Segment Open

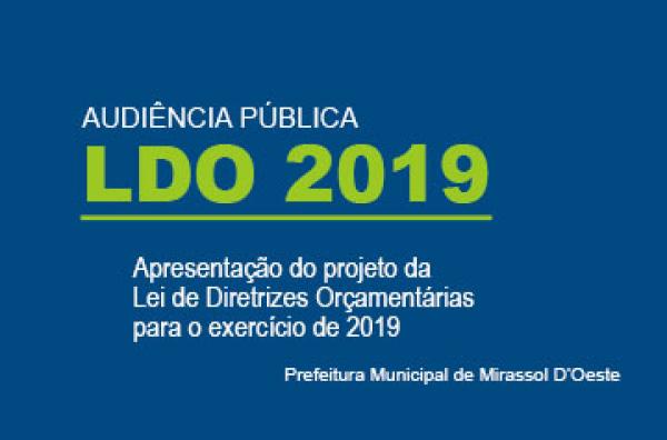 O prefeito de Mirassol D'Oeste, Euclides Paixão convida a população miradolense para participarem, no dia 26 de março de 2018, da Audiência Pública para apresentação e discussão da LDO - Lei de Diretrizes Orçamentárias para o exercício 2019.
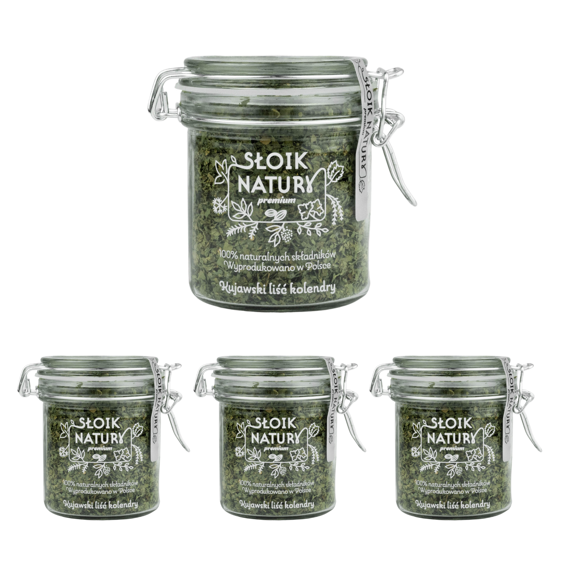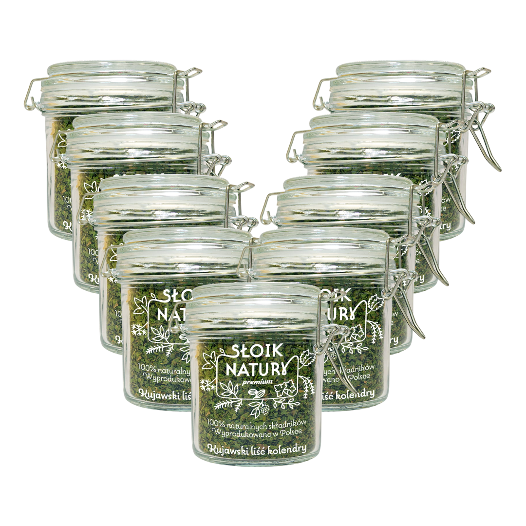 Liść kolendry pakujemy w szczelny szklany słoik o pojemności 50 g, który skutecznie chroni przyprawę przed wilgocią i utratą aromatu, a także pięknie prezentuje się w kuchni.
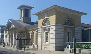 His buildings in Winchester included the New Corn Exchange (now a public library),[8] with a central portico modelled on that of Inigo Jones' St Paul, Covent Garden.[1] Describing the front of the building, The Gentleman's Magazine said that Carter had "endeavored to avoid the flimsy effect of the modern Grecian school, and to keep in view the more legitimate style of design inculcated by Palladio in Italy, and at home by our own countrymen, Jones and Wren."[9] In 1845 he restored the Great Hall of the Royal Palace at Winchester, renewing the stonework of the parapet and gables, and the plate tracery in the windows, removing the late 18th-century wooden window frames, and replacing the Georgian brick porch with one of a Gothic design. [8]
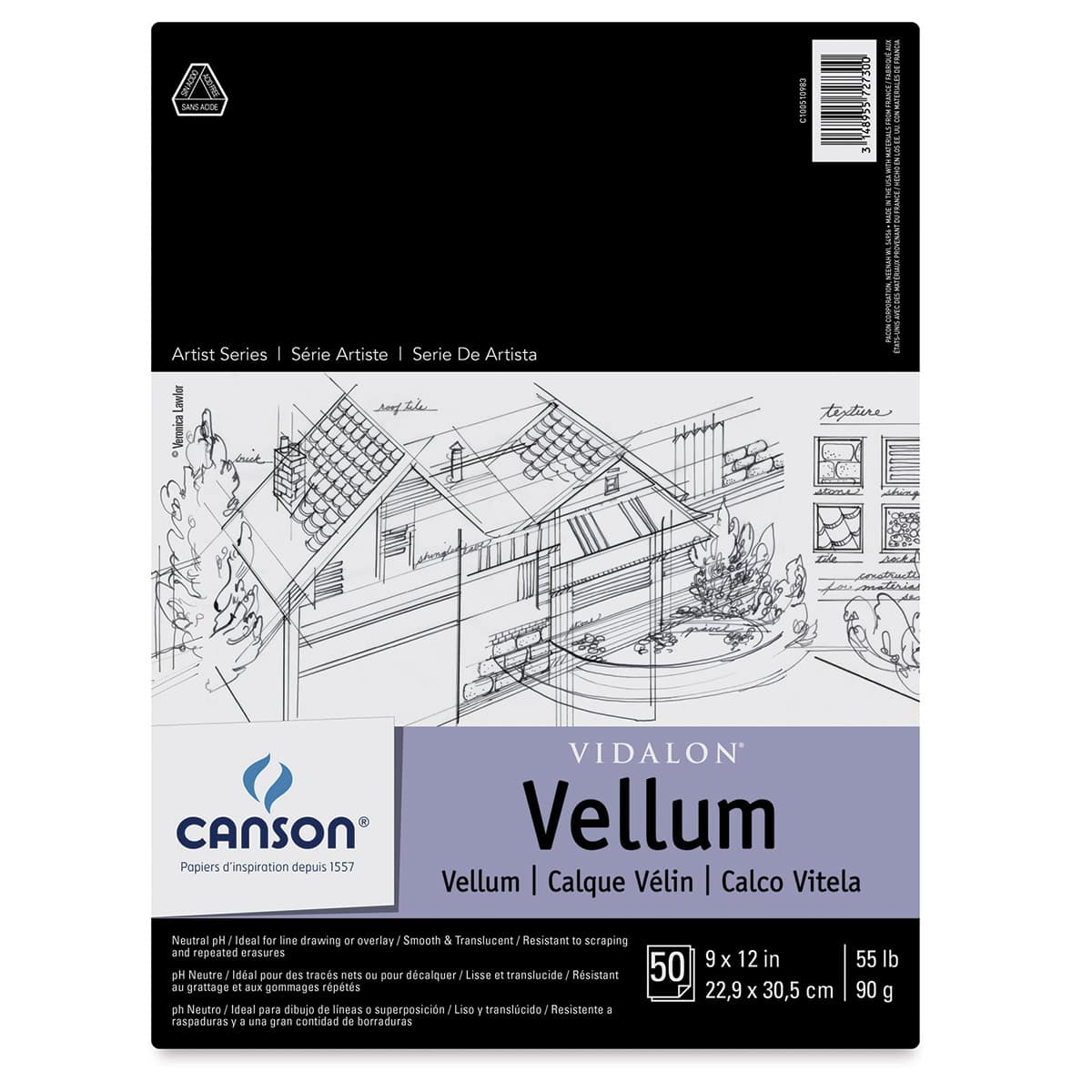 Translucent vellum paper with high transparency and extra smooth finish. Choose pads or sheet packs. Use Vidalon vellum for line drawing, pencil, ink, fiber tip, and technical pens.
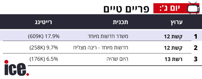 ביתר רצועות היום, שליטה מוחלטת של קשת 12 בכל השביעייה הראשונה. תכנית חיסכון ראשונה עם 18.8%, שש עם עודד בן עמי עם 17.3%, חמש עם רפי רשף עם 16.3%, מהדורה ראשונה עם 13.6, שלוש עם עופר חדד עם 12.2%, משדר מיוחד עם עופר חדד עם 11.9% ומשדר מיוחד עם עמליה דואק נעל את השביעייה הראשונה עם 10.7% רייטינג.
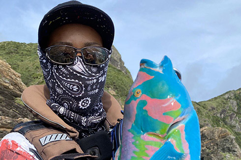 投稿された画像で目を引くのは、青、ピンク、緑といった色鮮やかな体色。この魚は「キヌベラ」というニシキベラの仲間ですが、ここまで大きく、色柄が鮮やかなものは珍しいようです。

Segment Closed

Task requirements: The answer must be an exact copy of the lines from the start of the records above through the line containing "Liść kolendry pakujemy", with no pictures in it.

Solution below:
 O prefeito de Mirassol D'Oeste, Euclides Paixão convida a população miradolense para participarem, no dia 26 de março de 2018, da Audiência Pública para apresentação e discussão da LDO - Lei de Diretrizes Orçamentárias para o exercício 2019.
 Liść kolendry pakujemy w szczelny szklany słoik o pojemności 50 g, który skutecznie chroni przyprawę przed wilgocią i utratą aromatu, a także pięknie prezentuje się w kuchni.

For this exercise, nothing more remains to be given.